Every year is now a centennial year for historic jazz. Between 2017 and 2023 we didn’t commemorate that many recordings. The ODJB got their articles in 2017, Mamie’s Smith was memorialized for kicking off the blues craze in 1920, Kid Ory’s 1922 records had a mention, and The NORK we covered far ahead of their centennial when Rivermont had a major re-issue. Nearly everything else rolled by without acknowledgment. That changed with the centennial of King Oliver’s Creole Jazz Band’s 1923 recordings. From here on out there’s hot jazz galore. You could spend the rest of the 2020s making daily playlists of jazz records celebrating their hundredth birthday.
But just because a birthday has passed doesn’t mean you should forget those great recordings another hundred years, and just because we didn’t cover the Secret Six Jazz Band’s Centennial Tribute To King Oliver’s Creole Jazz Band in real time doesn’t mean it isn’t worth your time.

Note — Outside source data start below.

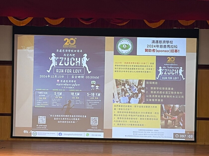 為了援建帕傣村,在清邁慈濟學校發起慈善馬拉松,訊息輾轉讓若岑師姊知曉,隨即在慈懿會發起贊助,藉著這次回台的因緣,予慈懿會的爸爸媽媽們道感恩,能讓遠在海外的清邁學校師生,也能感受到慈懿會的愛。
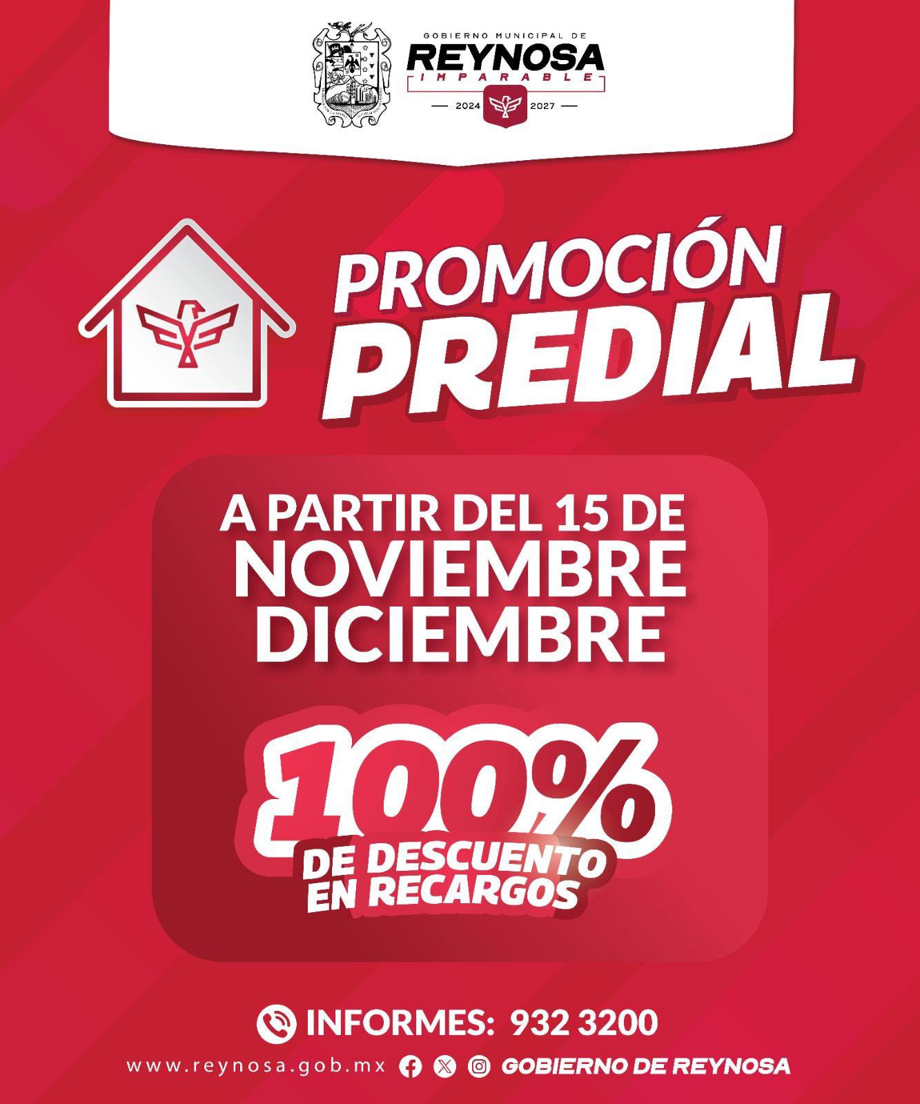 POR: VIRGILIO FLORES CHAPA El Gobierno Municipal de Reynosa, que preside el Alcalde Carlos Peña Ortiz, ofrece 100% de descuento…
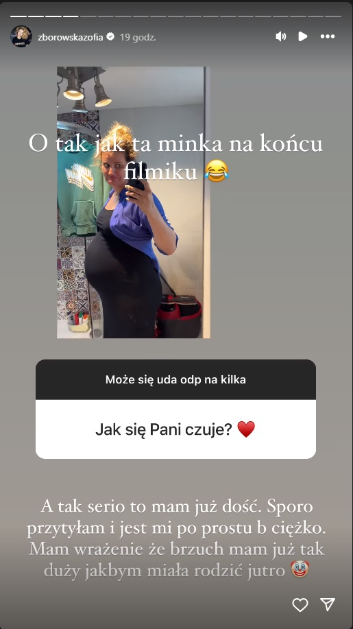 Żona Andrzeja Wrony po raz kolejny zorganizowała serię Q&A, a internauci skorzystali z okazji i zapytali o kilka kwestii związanych z ciążą. Jedna z osób chciała wiedzieć, jak czuje się Zofia Zborowska. W odpowiedzi aktorka nagrała filmik, na którym zrobiła zabawną minę, a następnie na poważnie przyznała, że jest już wyczerpana.
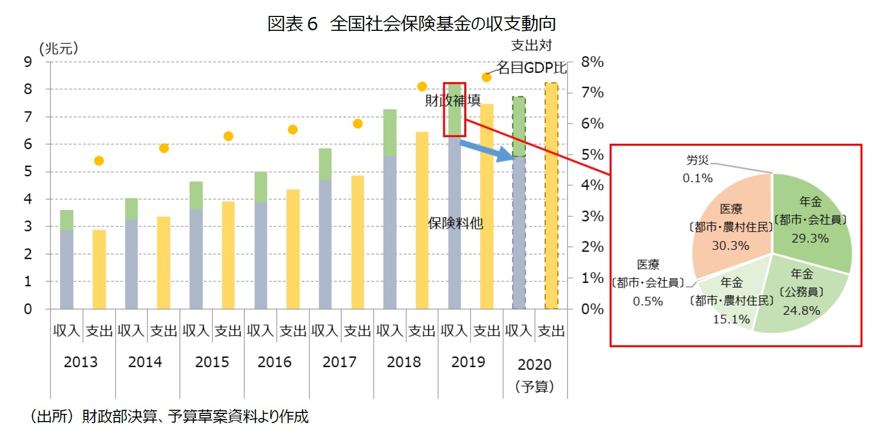中国では、一般公共予算(一般会計)とは別に、社会保険を運営する上で、収入、支出などの財源を管理する社会保険基金がある。2020年(予算)の社会保険料収入は、社会保険料の企業負担の減免、新型コロナによる経済への影響から前年比7%減の5.2兆元とされている。財政補填は前年比12%増の2.2兆元と最大規模となり、収入全体の28%を占めるまで拡大する(図表6)。これに対して、支出は前年比10%増の8.2兆元まで膨らみ、予算段階では収支は赤字となる。社会保険基金は2014年以降、保険料等のみでは支出が賄えなくなっており、財政補填への依存度が年々高まっている。
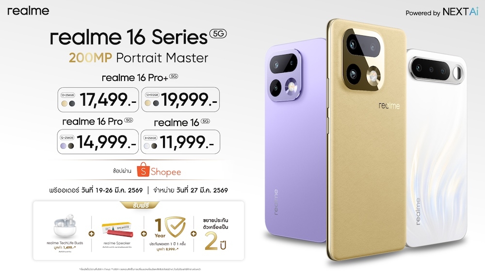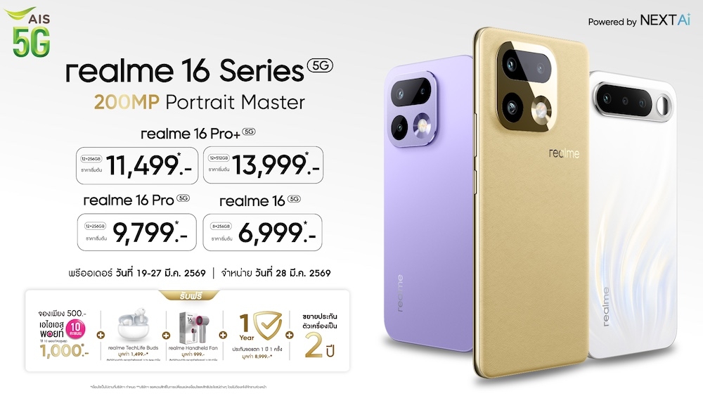 ถ่ายพอร์ตเทรตสวยระดับสตูดิโอ! realme 16 Series 5G เปิดตัว 3 รุ่นพร้อมกัน ชู 200MP LumaColor ราคาเริ่ม 11,999 บาท
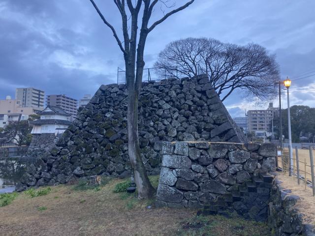 確か、以前は天守台の下に大友宗麟の胸像があったと記憶するけど、今朝行ってみると、ない。確かに府内城と大友宗麟はまったく関係ないので違和感があったのは、確か。そんな事情があったからかどうなのか、今朝の府内城には大友宗麟公はいらっしゃいませんでした。
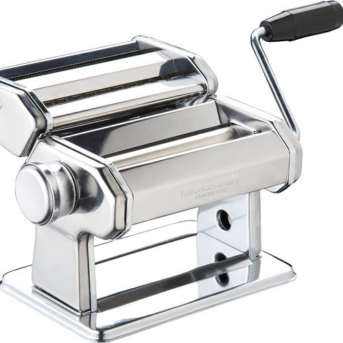 La máquina de metal para hacer pasta es un equipo diseñado para elaborar pasta fresca de manera artesanal o profesional. Está fabricada con acero inoxidable o aleaciones de alta resistencia, lo que garantiza durabilidad y facilidad de limpieza. Generalmente, cuenta con rodillos ajustables para estirar la masa al grosor deseado y accesorios intercambiables para cortar distintos tipos de pasta, como fettuccine, lasaña, espaguetis y más. Puede ser operada manualmente mediante una manivela o contar con un motor eléctrico para mayor comodidad.
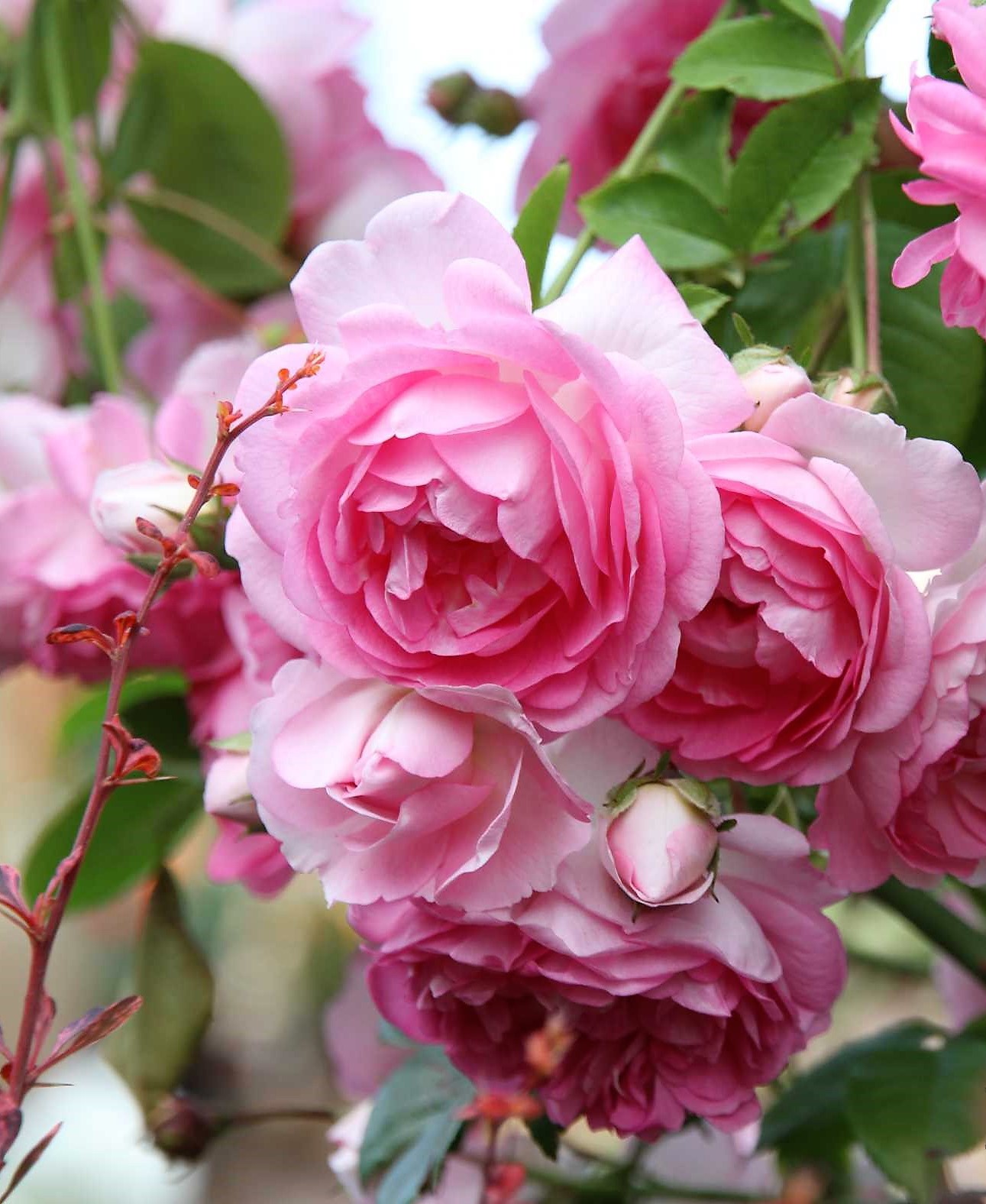 Роза Jasmina - уникальный сорт плетистых роз. Обильноцветущая, усыпанная невероятным количеством гроздьев цветков, красивая и невероятно ароматная. Цветки сиренево-розовые, цикламеновые, чашевидные, в кистях по 10-15 штук, очень душистые, со сладким жасминовым ароматом. Куст ветвистый, хорошо разветвленный. Листва средних размеров, густая, слегка блестящая.
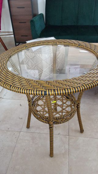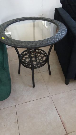 NUEVO,elegante mesa auxiliar con un diseño moderno y atractivo. Perfecta para añadir un toque de estilo a cualquier espacio, viene de color negro y dorado. Puedes comunicarte al 601530970. DISFRUTA DE NUESTRO PRECIO ESPECIAL, SI COMPRAS AL POR MAYOR. - Tablero redondo de cristal. - Estructura de mimbre trenzado. - Base con diseño de rejilla.
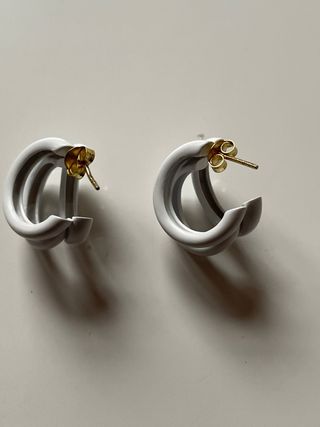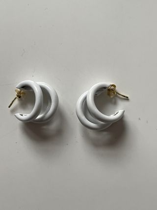 Como nuevos. Plata bañada en oro y esmslte blanco.Miden declargos sñgo menos de 2 cm. Solo envios.

Recorded at the New Orleans Jazz Museum in April 2023 and released on Bandcamp in September it is a professionally recorded set featuring 14 of the titles recorded by the Creole Jazz Band in 1923. Those sessions featured the earliest recordings of Louis Armstrong but is also the first we hear most of the rest of the band: Baby Dodds on drums, Johnny Dodds on clarinet, Lil Hardin on piano, Honoré Dutrey on trombone, and Bill Johnson on banjo and double bass.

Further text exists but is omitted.